- It's not mandatory but it's a widely accepted guideline. Break it only if you have a good reason to do so.
- No, they don't. Class should be
internal
(default) and static
(because it has not instance methods). Main()
method should be private to make clear that it won't be called outside this class but it's not mandatory (someone prefers public
because it's logically called from outside).
For the other points things are more complex that a paragraph...

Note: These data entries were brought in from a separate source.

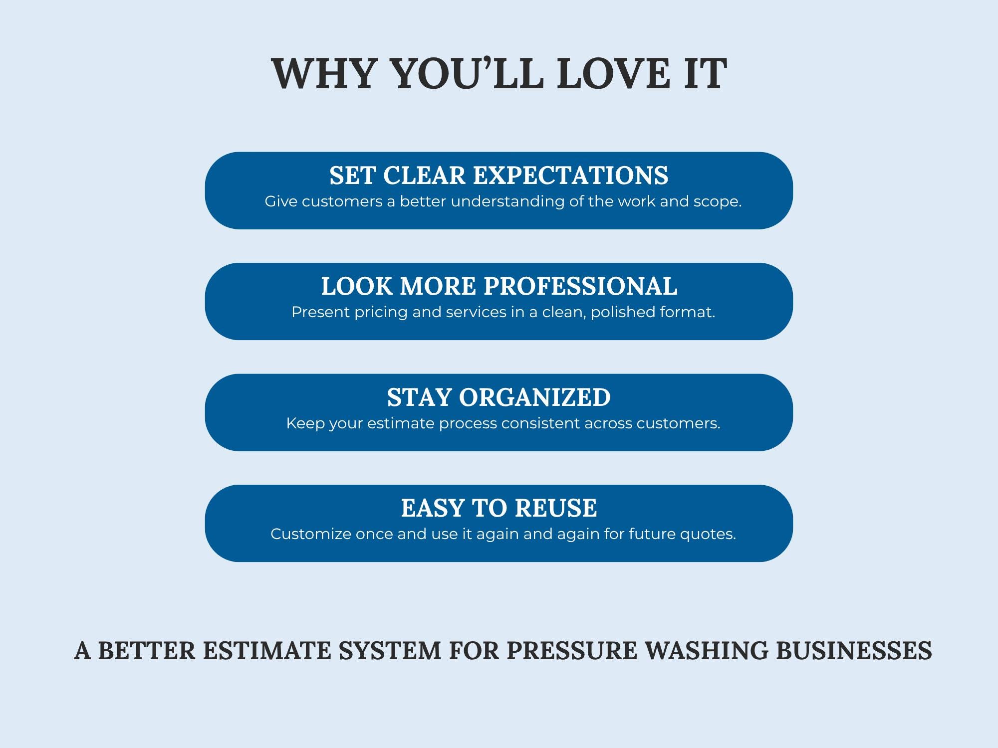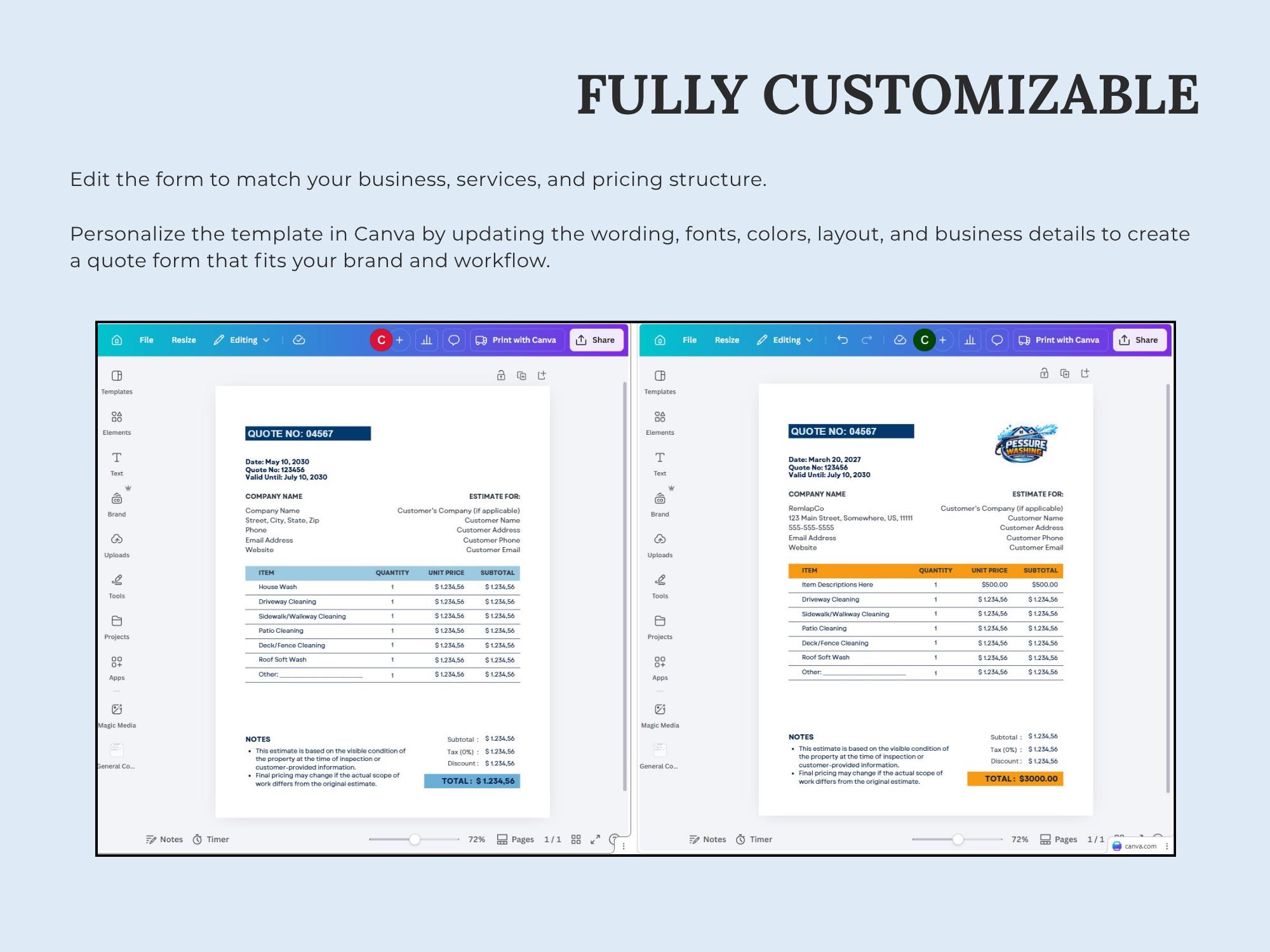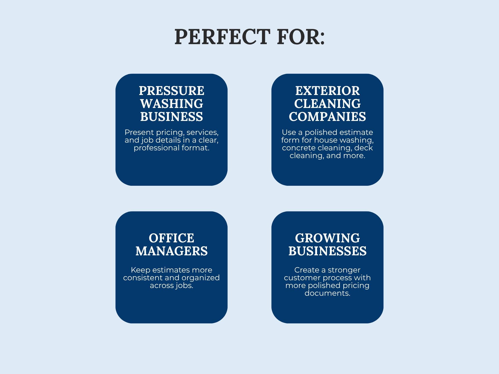 Send clear, professional quotes that convert. This Pressure Washing Estimate/Quote Template is built for scope, surface areas, add-ons, totals, and approval—so clients understand the job and pricing instantly.
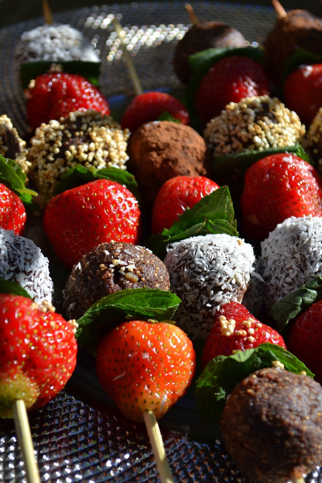 – na patyczki do szaszłyków nadziewać na przemian truskawki, listki mięty i trufle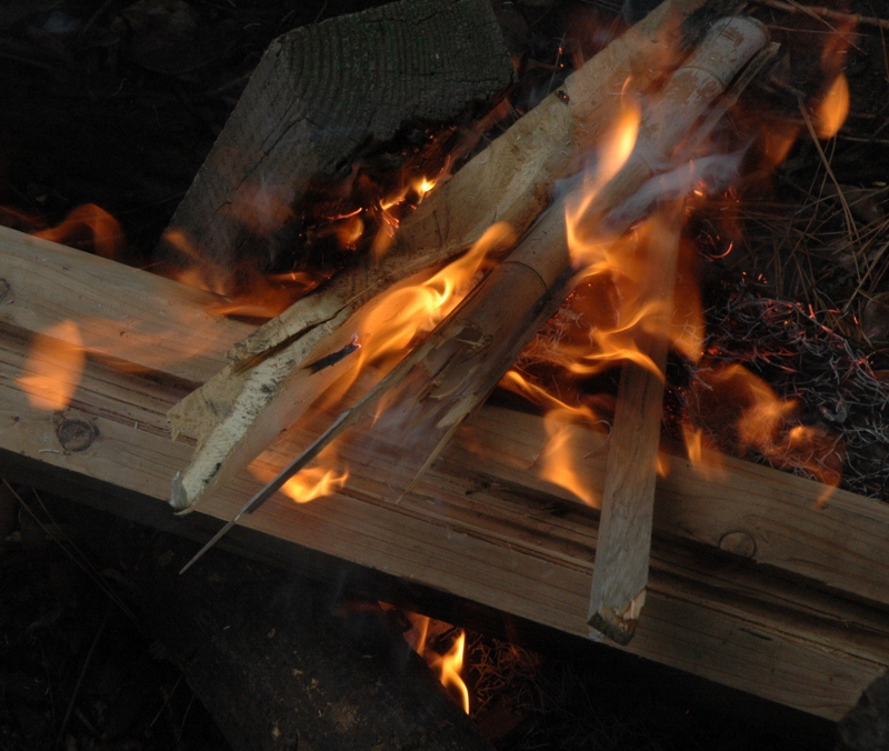 The Man built a shed on the hill. He made the frame using branches that had been thinned from the forests nearby ,and the walls were made of scrap wood that he found abandoned at warehouses. He thatched the roof with thin bamboo, Japanese pampas grass and cogons that he cut near the hill. He collected branches and dead trees to use for fuel.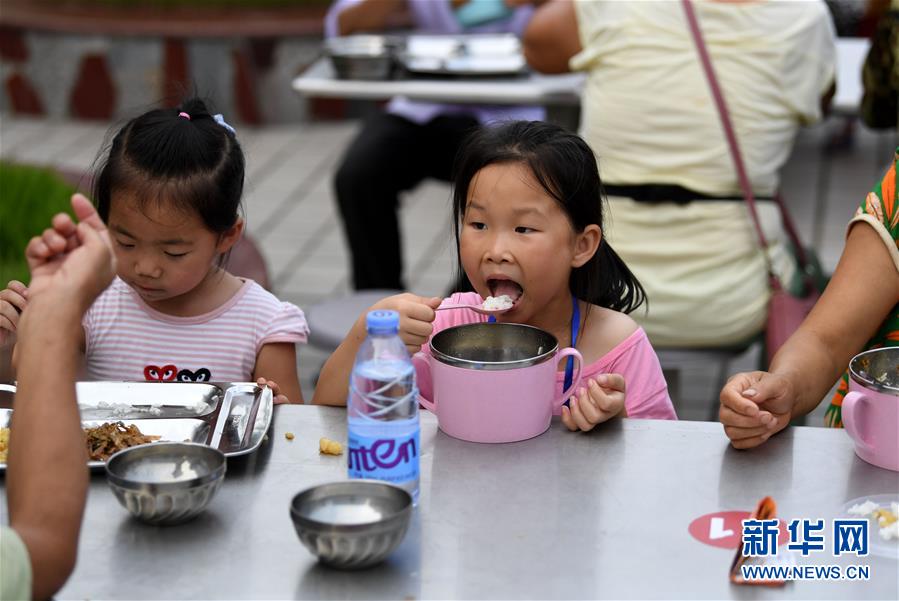 7月14日,小朋友在安徽省宿松縣洲頭鄉(xiāng)中心小學(xué)集中安置點(diǎn)吃晚餐。新華社記者劉軍喜攝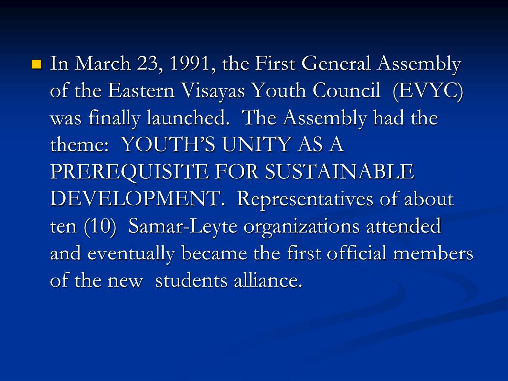 In March 23, 1991, the First General Assembly of the Eastern Visayas Youth Council (EVYC) was finally launched. The Assembly had the theme: YOUTH’S UNITY AS A PREREQUISITE FOR SUSTAINABLE DEVELOPMENT. Representatives of about ten (10) Samar-Leyte organizations attended and eventually became the first official members of the new students alliance.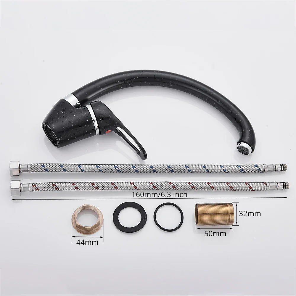Included in the package are the faucet, hot and cold water pipes, and installation accessories, making it easy to set up and start using right away. Plus, with a 5-year warranty, you can trust that your Decorbites Brass Black Kitchen Sink Faucet will stand the test of time.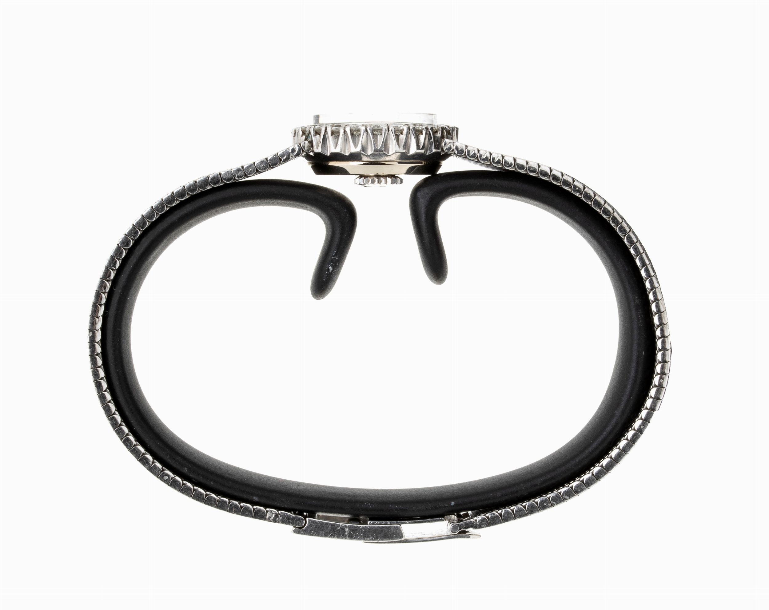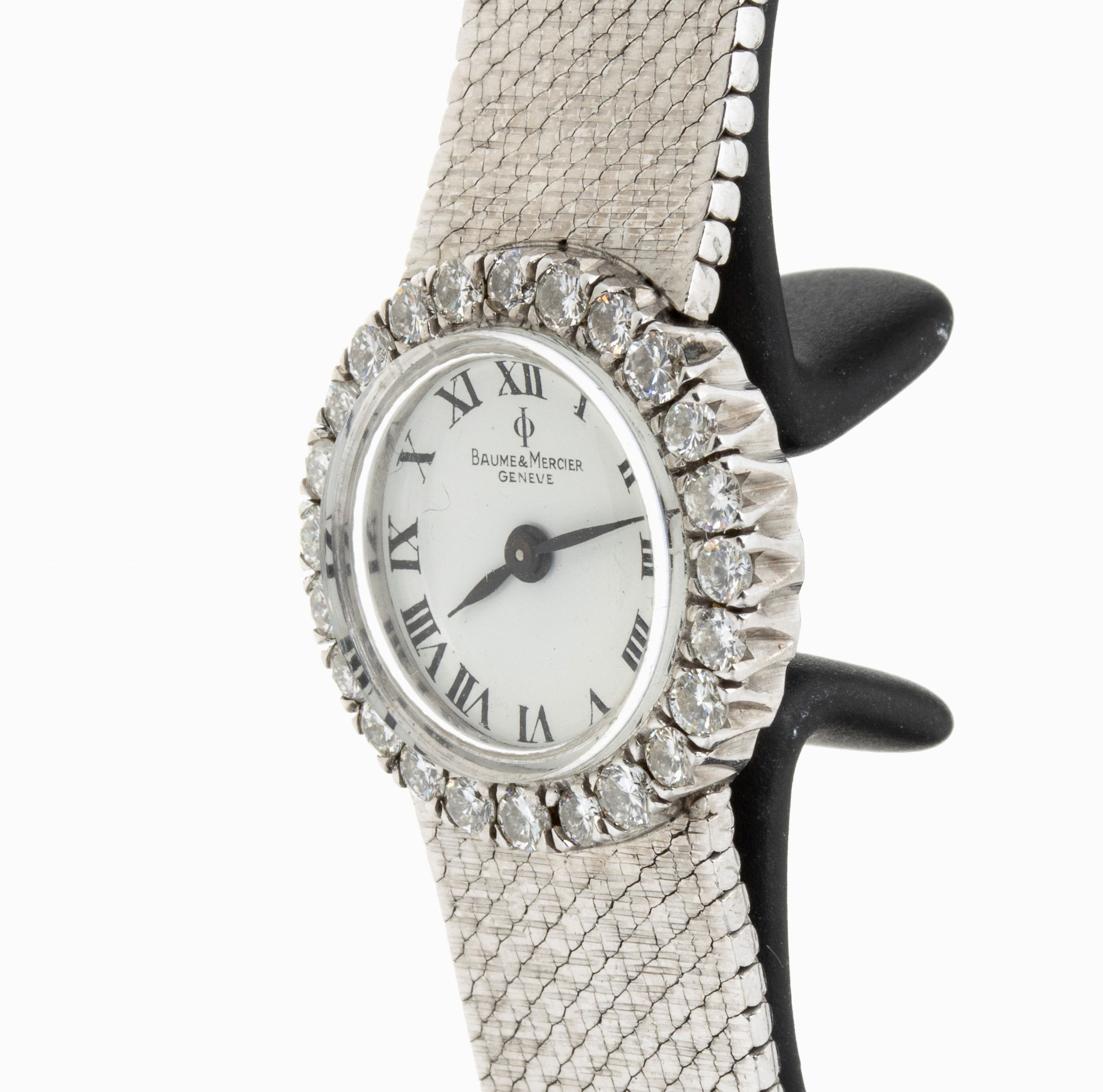 cassa in oro bianco 18k con cinturino integrato in oro bianco, quadrante bianco con numeri romani e contornato da diamanti. Movimento meccanico a carica manuale con corona sul fondello.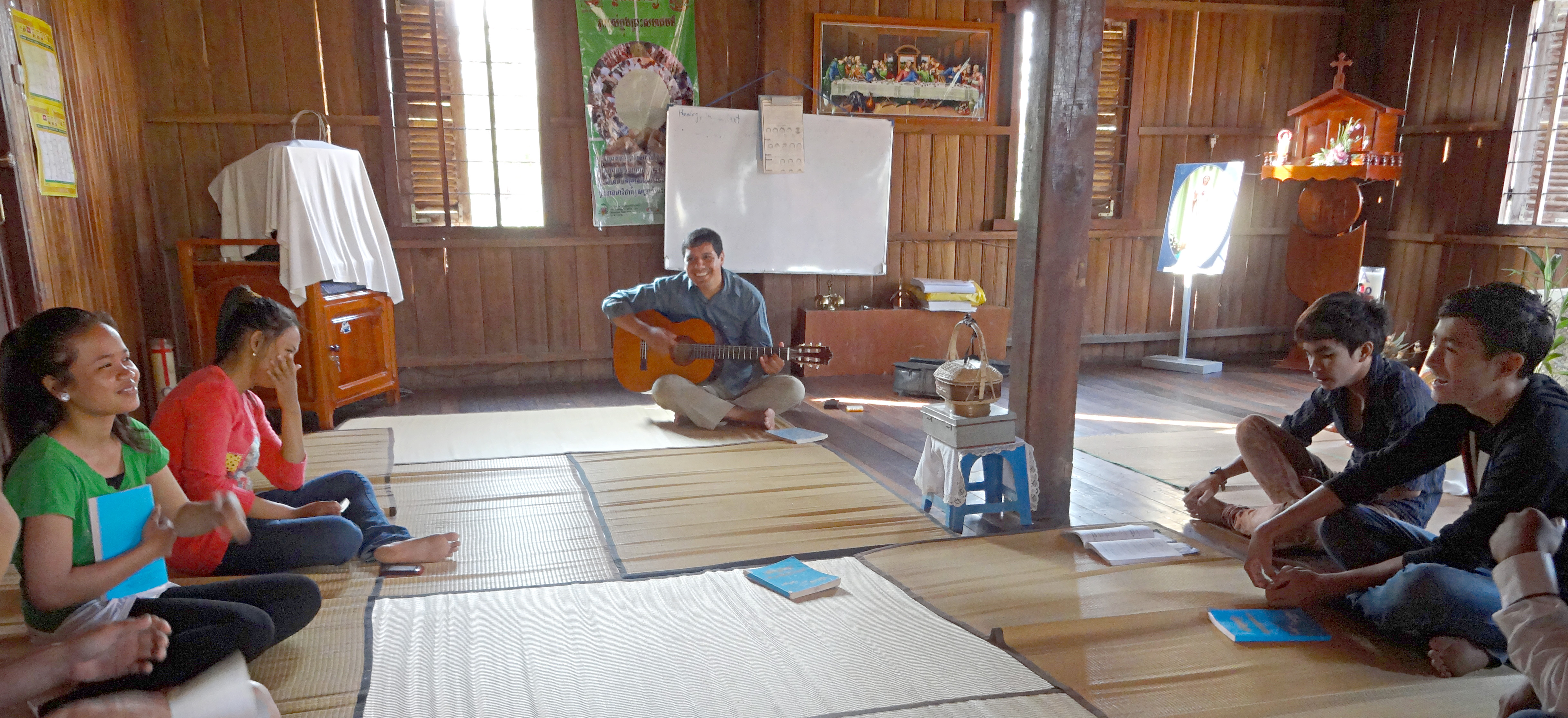 Fr. Ivan with young people in the mission parish of Kdol Leu, Cambodia. Photo by Fr. Jack Lynch, SFM.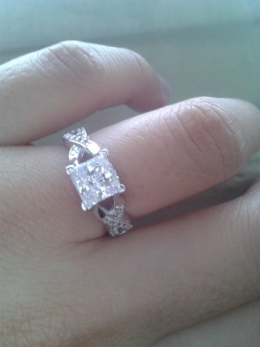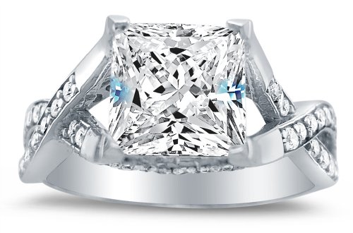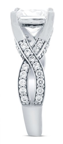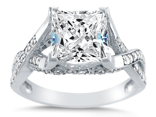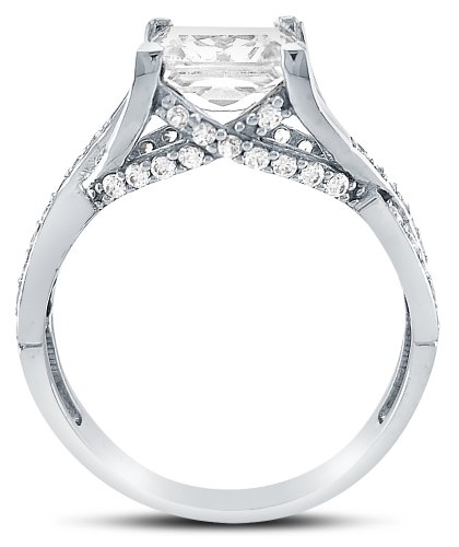- Title : Size 8 - Solid 14k White Gold Princess Cut Solitaire with Round Side Stones Highest Quality CZ Cubic Zirconia Engagement Ring 2.5ct.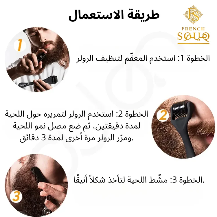 الرولر للحية: بفضل إبره الدقيقة، يزيد من امتصاص المصل ويحفّز عملية طبيعية لتجديد البشرة.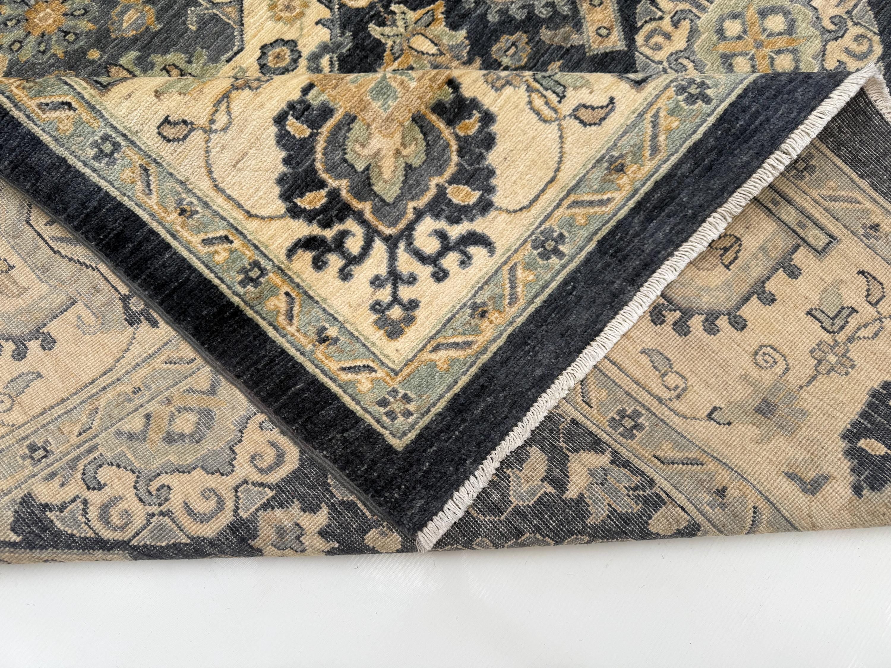 The rug’s sizable dimensions make it ideal for anchoring large living rooms, formal dining areas, executive offices, or open-concept interiors. Whether layered over hardwood floors or placed in a cozy corner, this rug brings warmth, sophistication, and timeless appeal to any room.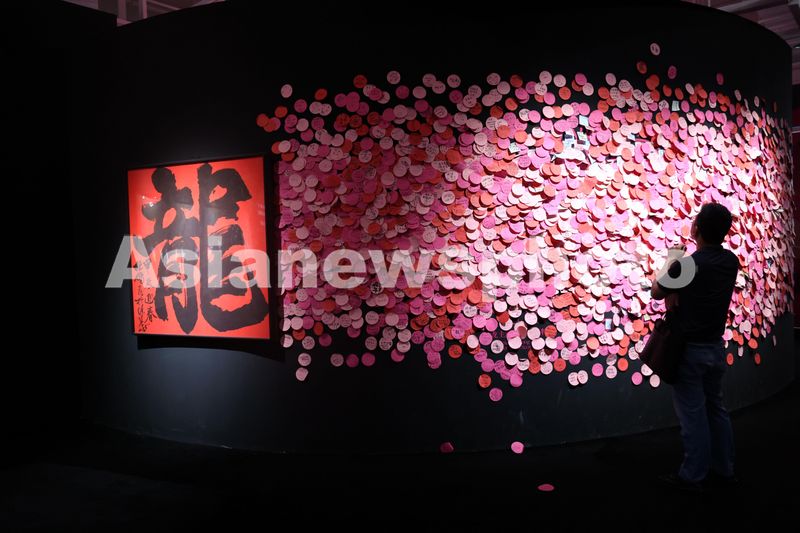 图片说明:4月29日,游客在西安美术馆参观“岁岁龙YUAN——龙主题艺术作品特展”。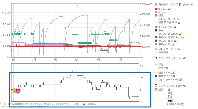 青枠を見ると 出品者が上下していて売れている可能性が高いことがわかります。

You can create a generator to read from standard input (see very last paragraph for a discussion about this):
private static IEnumerable<string> ReadAllInputs()
{
while (true)
{
string line = Console.ReadLine();
if (line == null)
break;
yield return line;
}
}
You do not need ToLower()
on input, I do not even start to mention all the problems of case insensitive comparison if not done properly: a lower case string may be different from an upper case string (even in number of characters) but they may be compared equal. Don't put yourself in trouble and let the framework do the work for you:
var counts = new SortedDictionary<string, int>(StringComparer.CurrentCultureIgnoreCase);
Note that you do not need a SortedDictionary
here, ordering may be done (in this case) when printing output. If performance matters then you should profile by yourself.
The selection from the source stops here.